Please read the README for more information
README.txt:

Code: [Select]

-+-+README for Poison IDS+-+-
Version 1.0
Poison IDS is a simple Intrusion Detection System written in Python by Chroniccommand.

I stress the word basic. Right now all it does is loop a thread that checks the MD5 checksums of a certain files. If the system senses a change, it alerts the user and writes the Hashes to a log.

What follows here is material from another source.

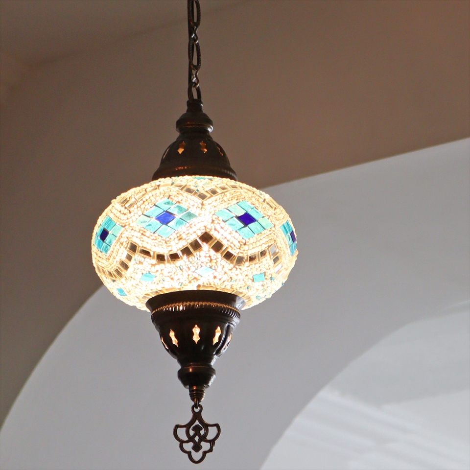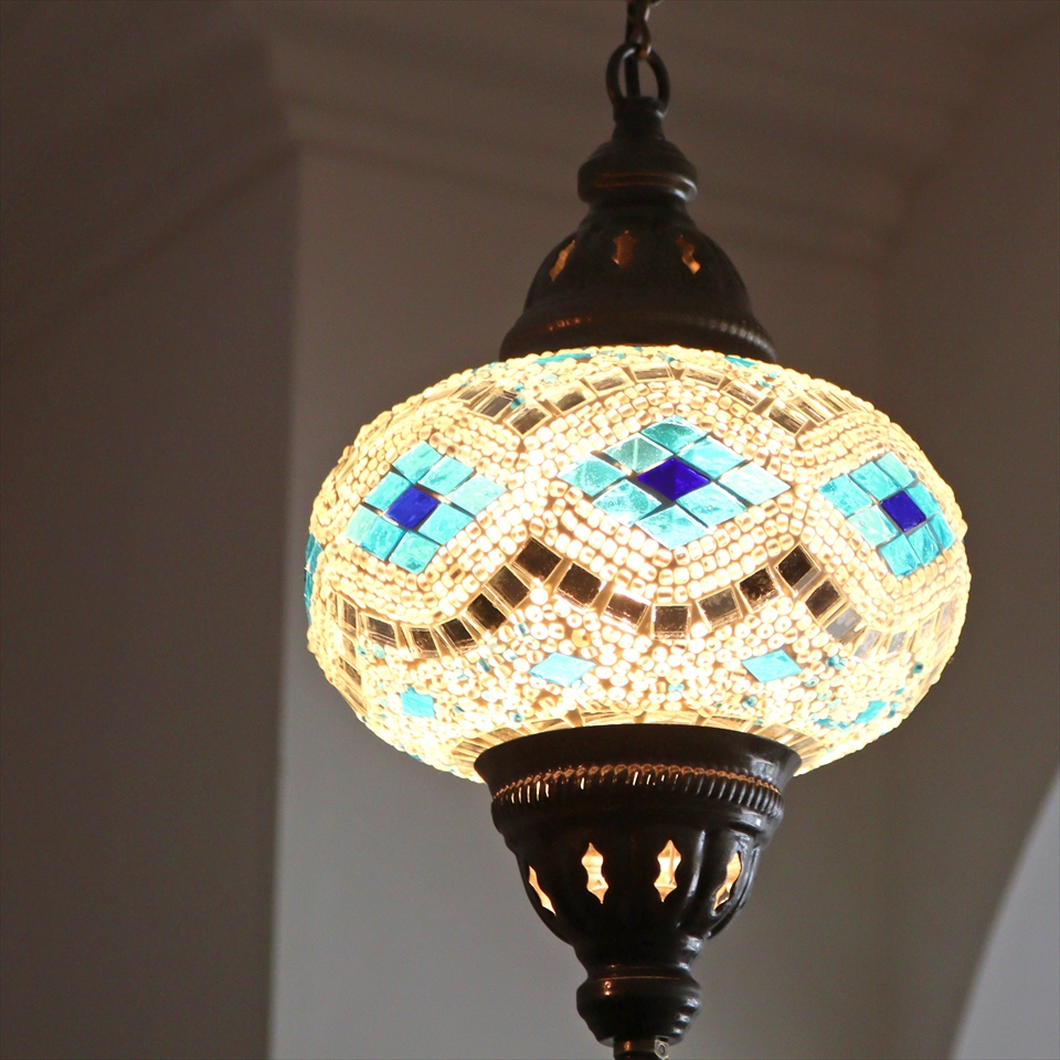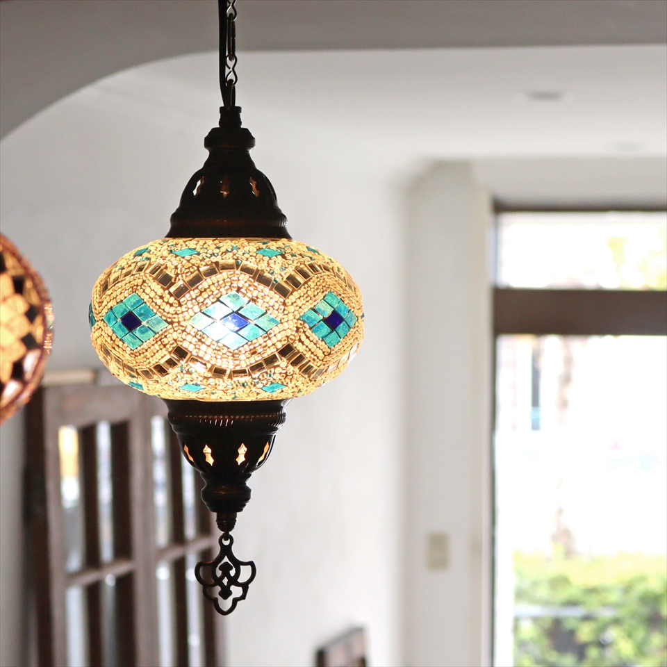 Key:トルコランプ モザイクランプ 天井照明 ガラスシェード ペンダントライト シーリングライト ランプ ライト 照明 間接照明 インテリア エスニック オリエンタル ガラスランプ 引掛けシーリング対応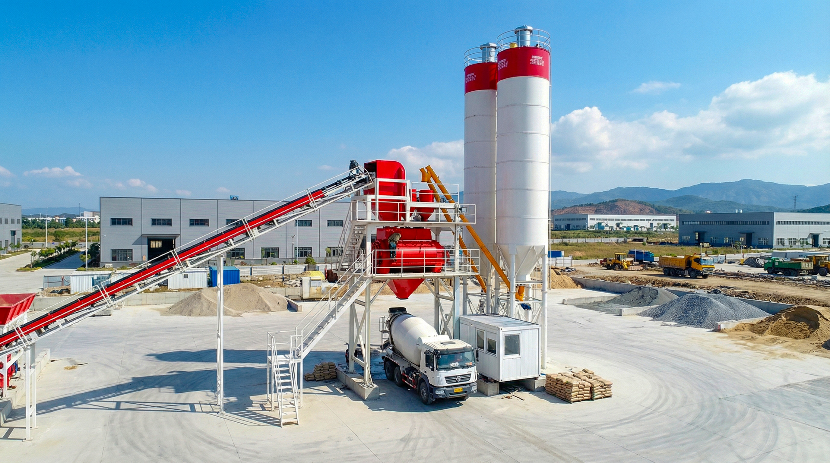 Çimento depolama kapasitesi açısından SABİT 90, projenin boyutuna ve lojistik koşullarına göre ölçeklendirilebilen bir altyapı sunmaktadır. Sistem, 75 ile 500 ton arasında değişen kapasitelerde çimento silolarıyla donatılabilmekte; çimentonun torba halinde tedarik edildiği durumlarda ise büyük torba açma ve otomatik silo doldurma sistemleri devreye alınarak malzeme aktarım süreci hızlı ve güvenli biçimde yönetilmektedir.

The user may set the check interval whenever they want. Default is 15 seconds.

The user may also add a file to the checklist. The checklist is a list of files the get the MD5sum for.
NOTE:
If you add a file to the checklist the system will alert you. Please note this is a false positive.

Right now it's pretty decent, but not the best. This is the first release(Version 1.0) of the script, so expect some bugs. Please report bugs to Chroniccommand.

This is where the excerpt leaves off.